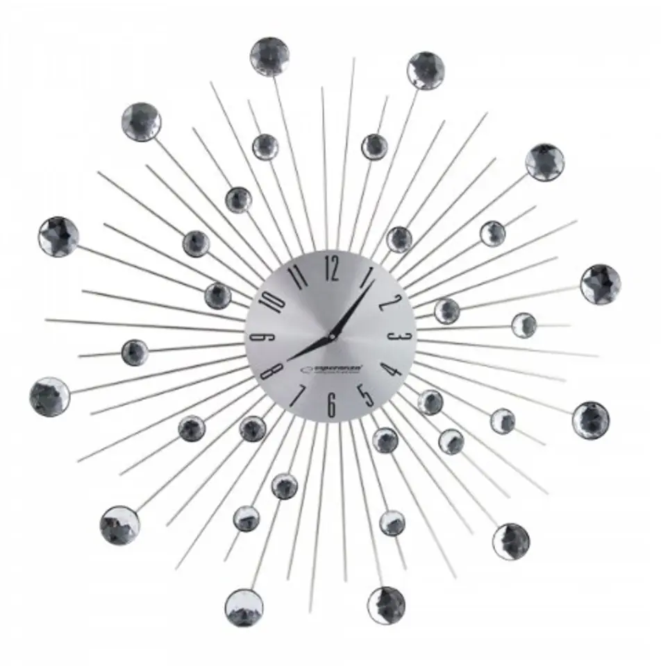 | Pozostałe cechy: | Średnica całego zegara: 50 cm, Średnica tarczy: 13.5 cm, Długość ozdobnych promieni: 35.5 cm, Grubość zegara: 2.5 cm, Ozdobne elementy wykonane ze stali, Kryształki w 2 rozmiarach: 2 cm oraz 3 cm, Kryształki wykonane z szkła akrylowego |
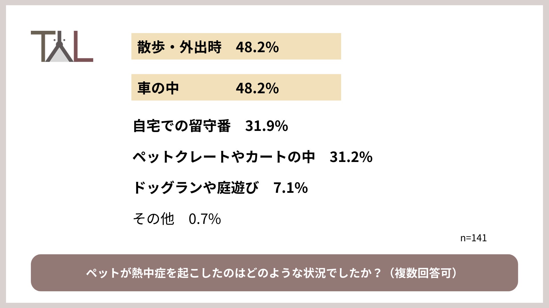 ペットの熱中症を経験したことがあると答えた犬猫の飼い主141名に対し「ペットが熱中症を起こしたのはどのような状況でしたか?」と質問したところ、「散歩・外出時」または「車の中」と答えた方がそれぞれ48.2%という結果となりました。次に多かったのが「自宅での留守番」(31.9%)で、お出かけ時だけではなく日常生活のなかにもあらゆる場面に熱中症のリスクが潜んでいることが分かります。
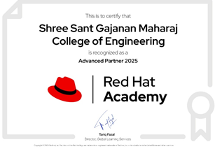 | Red Hat Learning Academy is Recognised as Advanced Learning Partner for year 2025 | Prof. Mrs. S. N. Khandare The Red Hat Academy Coordinator effectively led academic planning, certification drives, and student engagement activities, resulting in a significant increase in student certifications. These sustained efforts contributed to the institution being recognized as a Red Hat Academy Advanced Partner 2025. | View Certificate |

What the task asks.
Return the full listing exactly as written, without any of its images.

Answer to the problem.
 | Pozostałe cechy: | Średnica całego zegara: 50 cm, Średnica tarczy: 13.5 cm, Długość ozdobnych promieni: 35.5 cm, Grubość zegara: 2.5 cm, Ozdobne elementy wykonane ze stali, Kryształki w 2 rozmiarach: 2 cm oraz 3 cm, Kryształki wykonane z szkła akrylowego |
 ペットの熱中症を経験したことがあると答えた犬猫の飼い主141名に対し「ペットが熱中症を起こしたのはどのような状況でしたか?」と質問したところ、「散歩・外出時」または「車の中」と答えた方がそれぞれ48.2%という結果となりました。次に多かったのが「自宅での留守番」(31.9%)で、お出かけ時だけではなく日常生活のなかにもあらゆる場面に熱中症のリスクが潜んでいることが分かります。
 | Red Hat Learning Academy is Recognised as Advanced Learning Partner for year 2025 | Prof. Mrs. S. N. Khandare The Red Hat Academy Coordinator effectively led academic planning, certification drives, and student engagement activities, resulting in a significant increase in student certifications. These sustained efforts contributed to the institution being recognized as a Red Hat Academy Advanced Partner 2025. | View Certificate |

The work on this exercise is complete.